Huang et al. developed a TRI-LSTM model to explore latent relationships among glaucoma biomarkers. Their approach modeled temporal relationships to improve the understanding of disease progression, adding interpretability to glaucoma detection. They highlighted the complexity of biomarker interrelations, which can be better understood through deep learning that simulates an expert’s diagnostic process [1].

Hu and Wang used transformer-based models, including RoBERTa and BioBERT, to predict glaucoma progression requiring surgery from clinical notes. Their models outperformed ophthalmologists in terms of F1 scores, highlighting the effectiveness of transformers in extracting insights from unstructured clinical data. They also demonstrated the benefits of combining clinical notes with structured data to enhance prediction accuracy, advancing the integration of clinical free text with machine learning for glaucoma care [20].

The development of machine learning models for glaucoma detection presents several challenges, such as the scarcity of labeled medical data and the need for effective preprocessing. Transfer learning has emerged as a common strategy to address these challenges, as demonstrated by Orlando et al. [17], who used pre-trained networks to extract relevant features without requiring large datasets specific to glaucoma. Additionally, models like the one proposed by Gheisari et al. [18] that incorporate both spatial and temporal data have shown promise in capturing the complex characteristics of glaucoma progression, particularly those related to vascular changes. Another significant challenge lies in integrating unstructured clinical notes into predictive models. The work of Hu and Wang [20] illustrates that transformer models can effectively parse and utilize free-text notes, while also pointing out the importance of further optimizing these models for domain-specific text. Moreover, datasets like those developed by Chen et al. [21] are crucial for enabling more effective NLP applications in ophthalmology, helping bridge the gap between imaging and text data. The current body of work highlights the importance of leveraging diverse data types—including imaging, clinical notes, and structured EHR data—to build robust models for glaucoma detection. Advances in transfer learning, hybrid deep learning architectures, and NLP offer promising avenues for further improving the accuracy and generalizability of these models, with the ultimate goal of enabling the earlier diagnosis and personalized treatment of glaucoma patients [22].

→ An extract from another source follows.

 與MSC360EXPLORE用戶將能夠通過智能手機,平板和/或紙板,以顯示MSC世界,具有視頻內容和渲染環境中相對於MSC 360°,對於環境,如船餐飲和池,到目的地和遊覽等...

Despite these advancements, prior studies have not systematically compared different deep learning architectures (e.g., LSTM vs. CNNs) for clinical note-based glaucoma detection. Additionally, existing models often overlook fairness considerations, leading to potential biases in diagnostic predictions across demographic groups. This study addressed these gaps by benchmarking LSTM and CNN models on a real-world dataset and analyzing performance disparities among racial groups to assess fairness-aware glaucoma detection.

3. Methodology

In this study, we developed deep learning models to classify the presence of glaucoma from clinical notes, leveraging both Long Short-Term Memory (LSTM) networks and Convolutional Neural Networks (CNNs), and then compared them with transformer-based models like BERT and BioBERT. The goal was to evaluate different architectures and techniques for feature extraction from unstructured text, determining the most effective approach for glaucoma detection.

3.1. Data Preparation and Preprocessing

The dataset used for this study consisted of clinical notes from electronic health records (EHRs), along with demographic attributes such as age, gender, ethnicity, and language. These notes contained detailed physician observations, symptoms, diagnostic impressions, and follow-up recommendations. A sample clinical note is as follows:

These free-text notes are tokenized and converted into numerical sequences using a tokenizer. The processed text was then passed to deep learning models for glaucoma classification.

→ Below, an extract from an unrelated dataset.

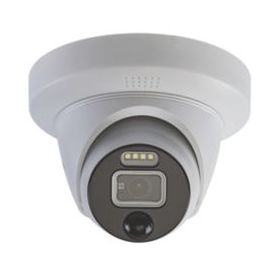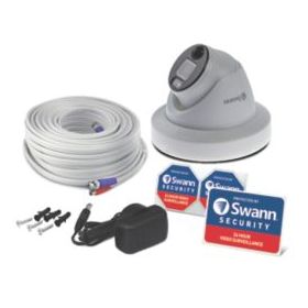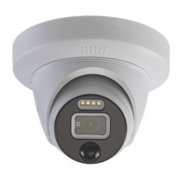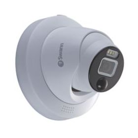 Security camera with red and blue flashing lights, bright sensor spotlights and sirens to prevent crime. Night2Day allows colour video at any hour, up to 10m Powerful night vision up to 40m. 4K ultra HD video for detailed viewing, can be watched live when connected to a CCTV kit and smart device. Features heat and motion detection and microphone for audio capture.

A tokenizer was fitted on the text column of the dataset to convert the clinical notes and GPT-4-generated summaries into sequences of tokens. These token sequences were padded to a fixed maximum length (set at 100) to ensure uniformity across the input data. The clinical notes, which contained unstructured information about the patient history, examination findings, and treatment, were treated as the primary input for model training. The tokenizer workflow is shown in Figure 1. The target column, “glaucoma”, was preprocessed by converting its values to binary labels: ‘yes’ was converted to 1, and ‘no’ was converted to 0, representing the presence or absence of glaucoma.

3.2. Model Interpretability

To enhance model interpretability, we applied Grad-CAM to identify key tokens that contributed to glaucoma prediction. Given the challenge of applying Grad-CAM directly to text-based models, we first computed Grad-CAM importance scores for each clinical note.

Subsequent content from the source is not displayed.